Natalia is a DNA analyst initially assigned only to work on unsolved or cold cases, though this is, until the end of season four, a cover for her. Following the end of her undercover assignment in the season 4 finale, Natalia resigns from the FBI and joins the MDPD, becoming a CSI Level 1. She was later promoted to Level 2 between seasons 6 and 7.

Career
At the end of season four, it is revealed that the character Natalia is an FBI informant in the lab, assigned to help build a case against the lead character Horatio Caine and his team. However, when questioned by her co-workers, she claims to have only reported information that made the Miami-Dade Crime Lab look good.

It is eventually revealed that the negative information that was soiling the lab in fact came from another source, state attorney Monica West and Natalia's claims of defending the lab's integrity were accurate. Although the CSIs and other workers treat her with suspicion and some ostracize them after she's revealed to be the mole, she is ultimately accepted as a permanent above-board member of the team. It is revealed in the Season 8 premiere that Caine (then a homicide detective) had previously met her, she had copied a blood drop for him in 1997.

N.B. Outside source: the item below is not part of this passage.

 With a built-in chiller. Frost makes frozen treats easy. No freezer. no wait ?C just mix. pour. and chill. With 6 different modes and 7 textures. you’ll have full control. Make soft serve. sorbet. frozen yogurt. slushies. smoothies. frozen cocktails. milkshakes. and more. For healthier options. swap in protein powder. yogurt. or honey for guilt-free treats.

In episode 508, "Darkroom", CSI' character Ryan Wolfe finds a stash of photographed girls. Natalia discovers that one of the pictures is of her sister Anya. DNA from a crime scene reveals that Anya is indeed one of the women that the CSIs are looking for. It is also revealed that, in addition to Anya, Natalia has another sister named Cristine. At the end of the episode, Horatio manages to locate and rescue Anya, and the sisters are happily reunited. Actress Eva LaRue's sister Nika was offered the role of Anya, the character's sister, but she declined. Instead, the real life sibling played the role of a reporter. In fact, the episode was based on the real-life convicted serial killer William Richard Bradford; Nika LaRue was one of the women photographed by Bradford for his collection. She was no. 3 (out of 54 women) on the poster, created by the LAPD. Bradford would photograph women he met in bars under the guise that he would assist their modeling careers.

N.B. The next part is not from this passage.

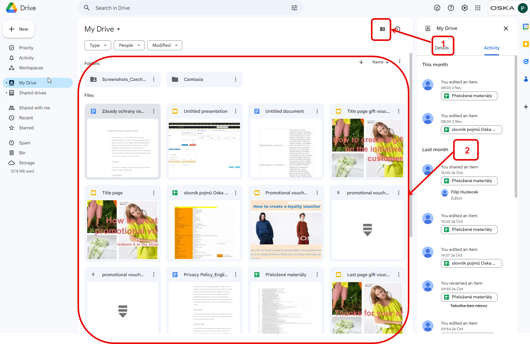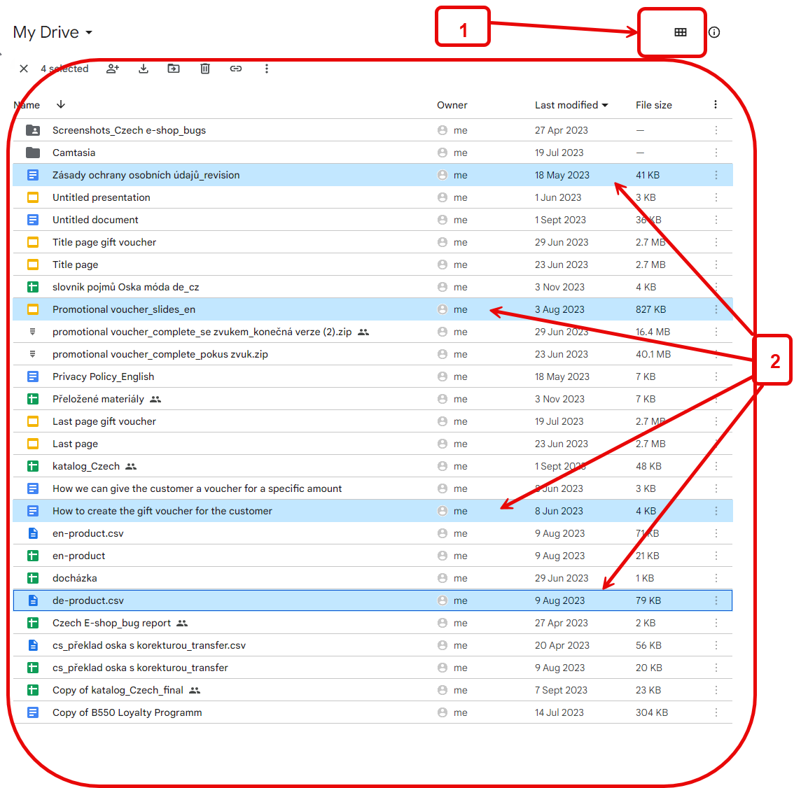 2. All selected files are in My drive.

In the episode "Internal Affairs", Nick Townsend is found murdered. Natalia had secretly begun seeing Nick again and admitted later in the episode that their relationship was "complicated." All the evidence is pointing to Natalia as the killer. Horatio, the night-shift lab and the character (Calleigh's ex-boyfriend Detective) Jake Berkeley must find evidence to clear Natalia. Natalia admits to Berkeley that she was outside Nick's house. She was handcuffed by Jake at the beginning of the episode. Earlier on, Nick and Valera went on a lunch date. Valera ignored Natalia's warnings about Nick being dangerous, so Natalia went there to watch over her. She sees Nick trying to force Valera into the bedroom and watches Valera push him and run out of the house. Thinking that she killed Nick, Valera tries to admit to Jake, but he denies her confession. It is later discovered that another man murdered Nick over a pair of earrings that Nick had stolen from a crime scene (which linked the man's wife to said crime). At the end of the episode, Natalia leans on Horatio's shoulder and sobs quietly as they both look at a picture of Nick and Natalia in happier days, a reminder that Nick had not always been the abusive person he had become.

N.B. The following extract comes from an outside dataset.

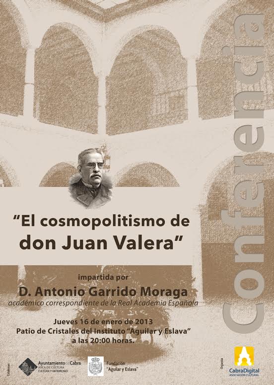 actualidad 11.01.14 Conferencia del académico Garrido Moraga sobre Valera en el Instituto El próximo jueves, 16 de enero tendrá lugar en el Patio de Cristales del Instituto-Fundación Aguilar y Eslava una conferencia titulada "El cosmopolitismo de don Juan Valera" que impartirá el académico y escritor Antonio Garrido Moraga.
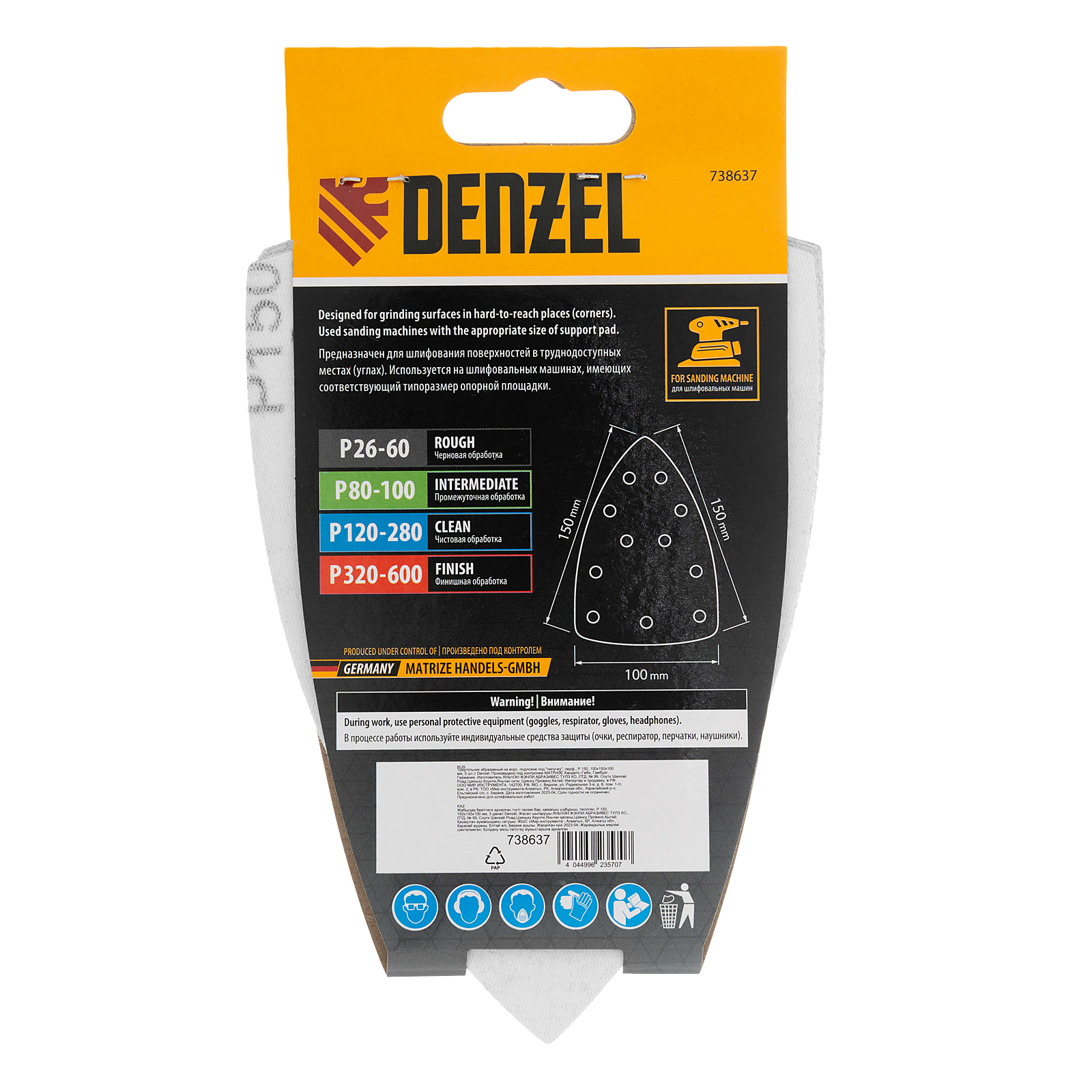 Абразивный перфорированный треугольник на ворсовой подложке «под липучку» Denzel 738637 размером 150 х 150 х 100 мм, 5 шт. в упаковке, имеет зернистость P 150 и предназначен для чистовой обработки металлических, деревянных и других деталей. Позволяет придать поверхности гладкость и подготовить ее к отделке, удобен для работы в углах и других труднодоступных местах. Треугольник совместим с плоскошлифовальной машиной Denzel 27614, также подходит для установки на другие шлифмашины с размером рабочей платформы 150 х 150 х 100 мм. Преимущества Высокая производительность — зерна абразива изготовлены из оксида алюминия 1 класса. Эффективность — перфорированная поверхность обеспечивает быстрый отвод пыли. Быстрая подготовка к работе — крепление «велкро» позволяет установить треугольник за несколько секунд. Удобная комплектация по 5 штук — набора хватит для выполнения большого объема работ.

In the episode "Tunnel Vision", Natalia is late to a crime scene and explains to Calleigh that she "had to add a new accessory to her wardrobe." She shows that she finally passed the firearms exam and now carries a Glock 26.

In the season 8 episode, "Count Me Out", Natalia and Ryan walk into a booby-trapped house containing a meth lab. As the lab explodes, Natalia is trapped beneath debris. Though telling Ryan to save himself, Ryan stays and tries to free her. Along with Horatio who arrives (Ryan called him just before entering the house), they free Natalia and Horatio helps her to safety. Though claiming to be fine and not willing to admit her injury, Natalia experiences hearing problems towards the end of the episode as well as flashbacks of the explosion, showing how shaken she truly is.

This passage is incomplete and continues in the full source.